I am by no means the only one (or the best) here with knowledge, but should you desire you may contact me direct (off-site) with questions, where matters can be explained without the limitation of space.
> A common BJT, even run at emitter currents as low as 1.0mA, will have u= 3076. Run that current up to 50mA, and u= 153846.
I think you will find that Early effect limits BJT Mu to 300-3,000, at any current. Certainly not 150K.
Of course for another $0.02, you can cascode to Mu of a million.
> It is the job of the designer to see ...that stability is always assured, ... proven principles have been there since the beginning of electronic amplification.
Just to be pedantic: we had electronic amplification and even some use of feedback before Black and others laid out the theory of why it works and what criteria control stability. There's maybe a 10 year gap between wide use of electronic amplifiers and wide use of feedback theory.
OTOH, you could argue that feedback principles were discovered long before electrons. The speed governor on a steam engine is a feedback system, and sure can become unstable. But simple low-gain systems can usually be made stable with simple hacks; tubes and near-perfect electric reactances made fancy instability possible and easy, and easier to analyze than practical mechanical systems.
> So it seems the trick would be to..... ...... ...... ......
There is no trick! Just different ways to skin the cat. Fashion plays a large part. Whatever you do today will be laughed-at in 20 years, and may be revered in 40 years. Who remembers 1970, the race to point zero-zero-zero THD? Who knew that 20 years later naked SETs with 10%THD would be cool again? Losing as many coupling transformers as possible was one of the early "optimizations", yet iron is in again.
Do what you feel comfortable with.
> blast from the past
I respect Crowhurst and feel everybody should read about everything he wrote, he too was blown around by the winds of fashion. Less than others, because he pretty much knew what he wrote about, but take it as the view of one man at one time.
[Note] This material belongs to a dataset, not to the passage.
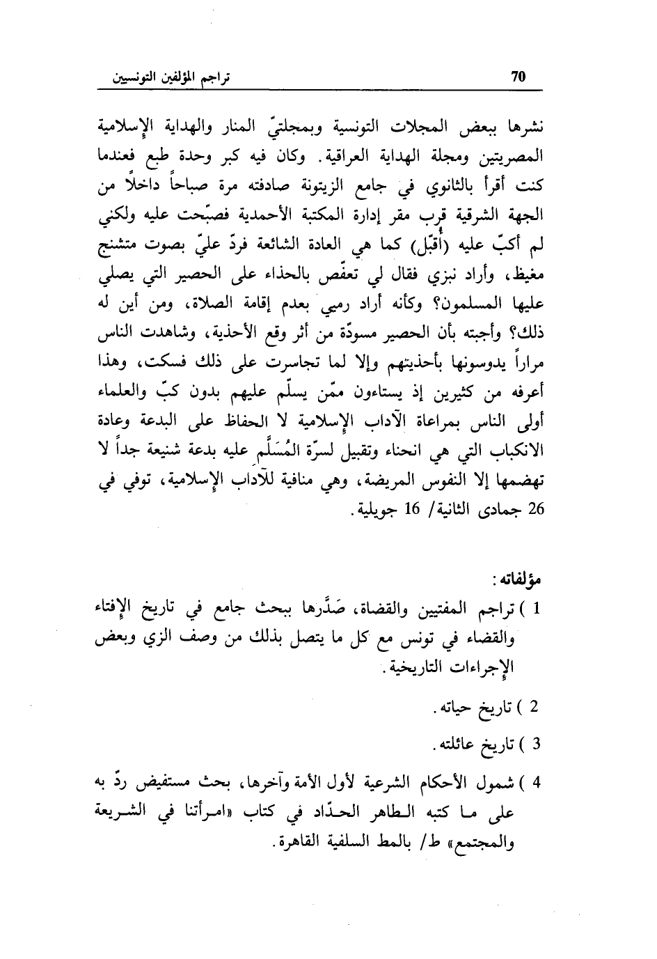 نشرها ببعض المجلات التونسية وبمجلتيّ المنار والهداية الإسلامية المصريتين ومجلة الهداية العراقية. وكان فيه كبر وحدة طبع فعند ما كنت أقرأ بالثانوي في جامع الزيتونة صادفته مرة صباحا داخلا من الجهة الشرقية قرب مقر إدارة المكتبة الأحمدية فصبّحت عليه ولكني لم أكبّ عليه (أقبّل) كما هي العادة الشائعة فردّ عليّ بصوت متشنج مغيظ، وأراد نبزي فقال لي تعفّص بالحذاء على الحصير التي يصلي عليها المسلمون؟ وكأنه أراد رميي بعدم إقامة الصلاة، ومن أين له ذلك؟ وأجبته بأن الحصير مسودّة من أثر وقع الأحذية، وشاهدت الناس مرارا يدوسونها بأحذيتهم وإلا لما تجاسرت على ذلك فسكت، وهذا أعرفه من كثيرين إذ يستاءون ممّن يسلّم عليهم بدون كبّ والعلماء أولى الناس بمراعاة الآداب الإسلامية لا الحفاظ على البدعة وعادة الانكباب التي هي انحناء وتقبيل لسرّة المسلّم عليه بدعة شنيعة جدا لا تهضمها إلا النفوس المريضة، وهي منافية للآداب الإسلامية، توفي في 26 جمادى الثانية 16/ جويلية.

> just implement as little feedback as possible.....
My current fashion sense says that "small feedback" is bad. Either use NONE, or use a LOT.
Injecting a little output back to the input does raise the issue of re-re-distorting the signal. IM distortion on a simple one-stage amplifier actually rises for 6dB NFB. It may not get back down to no-NFB levels until you get to 30dB-40dB NFB. I think that is an over-simplification, and I know I have enjoyed many low-NFB amps. It is pretty inevitable using pentodes on modern speakers: you need NFB for damping, but you can't get huge NFB around an output transformer.
> Worst-case distortion occurs when the device internal resistance (Rp in tubes) equals the load resistor.
I don't see it that way.
For triodes, THD is caused by current swing, and reduced by plate voltage swing. In small-signal work, you can just make signal current swing small compared to idle current. In large signal work, economics force you to a large signal current swing. Then THD is reduced by large plate voltage swing, i.e. hi-Z loading, and is worst for low-Z loads.
For the other devices, "Rp" is meaningless in power stages. (It may set the no-load gain and this one corner of the stability envelope for a practical amplifier, but becomes irrelevant under load.)
For pentodes, for medium power, percent current swing determines THD, and plate voltage swing has no THD reduction effect. For maximum power, you cut down into the knee of the pentode curve, which has a reverse curvature to the main current-swing nonlinearity. The reverse curve part-cancels the 2nd but raises the 3rd. For best power at lowest THD number, you pick a point in the knee that gives best THD cancellation. This is a paper exercise: THD will vary with minor change of load shifting you to either side of the knee. Also lowest THD is not best-sound: the 2nd is inoffensive, the 3rd is edgy.
For BJTs and FETs, the knee is so low-volt and so sharp that no THD cancellation is possible. Particularly for BJTs, the distortion due to current swing is so bad that we never run them without feedback, at least local feedback, which becomes a whole different problem.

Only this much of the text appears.